# Box lights/airing lights



## Thomas D (Jan 27, 2003)

I have a three hole in the back of a pick up. Have no airing lites or interrior box lites.

Anyone have any ideas of how to illuminate the back of the truck and box? Older dog sometimes misses the tail gate in near dark conditions. I've been fortunate to catch him thus far, but need to do something to light the area.


----------



## Brad B (Apr 29, 2004)

I saw that Cabela's has some LED lights that mount under the bed rail and run the length of the bed. Maybe that will help you.


----------



## jefflab5 (Jan 15, 2008)

I would go with LED technology no matter what type of light you decide to go with. Lower draw, better light, and a life that will most likely outlast the dog box / truck you have. 

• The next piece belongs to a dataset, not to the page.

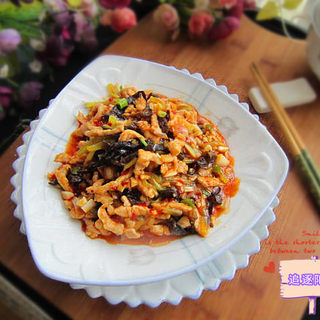原料:笋、木耳、猪肉、油、干辣椒、料酒、盐、泡椒、淀粉、糖、醋、蒜、姜。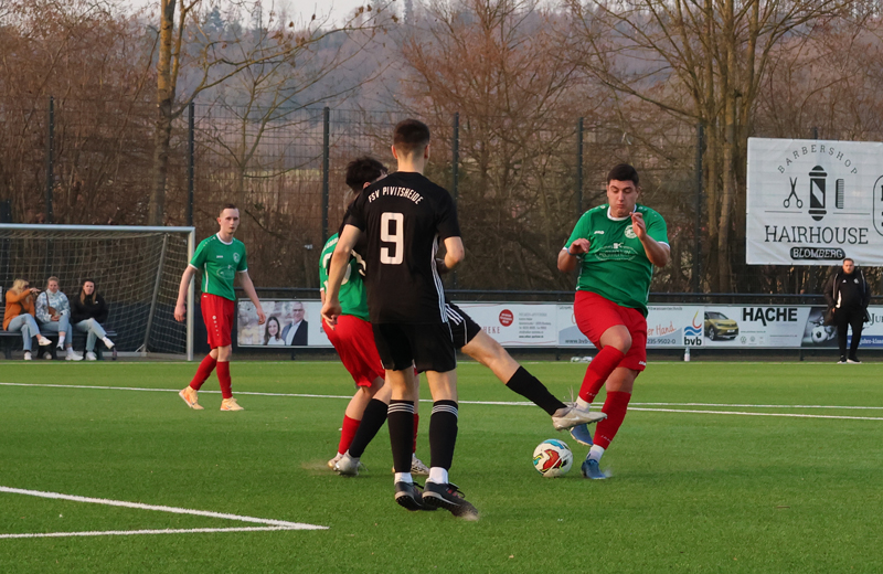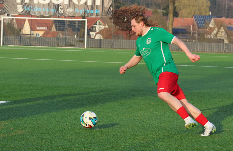 Bei frühlingshaften Bedingungen mit Sonnenschein und rund 18 Grad setzte sich der Blomberger Sportverein am Sonntag (08.03.2026) deutlich mit 6:2 gegen den FSV Pivitsheide durch. Allerdings benötigte der BSV die erste Halbzeit um wirklich ins Spiel zu finden und machte es im ersten Durchgang phasenweise deutlich spannender, als es hätte sein müssen. Bereits in der 6. Minute setzte sich der FSV über die Außenbahn durch, brachte den Ball in die Mitte und im zweiten Versuch drückte Liridon Kiki den Ball zur frühen 1:0-Führung über die Linie. Der Blomberger SV brauchte einige Minuten, um ins Spiel zu kommen, fand dann aber eine Antwort: Nach einer Ecke in der 17. Minute setzte sich Cakdar Fahro im Kopfballduell durch und erzielte den Ausgleich zum 1:1.

With that being said, it can be tough to find what you are looking for. I would suggest you begin by looking in a marine catalog / websight. Here are two: West Marine and Boater's World. If you are looking for just lighting up the bed / box area, you could probably get away with what they call LED courtesy lights. These usually direct and diffuse the light downward and provide nice access lighting. The other great thing is that you can by the LED's in different colors,,, red and white. The red is great for when the human needs to locate something or get set up and doesn't want to go blind when the lights are turned off. These are also more "shock prrof" and if stated, they are totally sealed and waterproof. I recently replaced my trailer lights with LEDS, what a difference!!

If you are looking to light up the night with some larger lights, then you may want to look at either a flood style or a "work light". Again these can be found in LED but you will need to look for them. I know those can be found in Tow / recovery catalogs. They are pricey but man do they light up the night.

I am going to mount a pair of these on the ass end of my Suburban for unloading my duck boat / gear in the middle of the night. 

Hope this helps


----------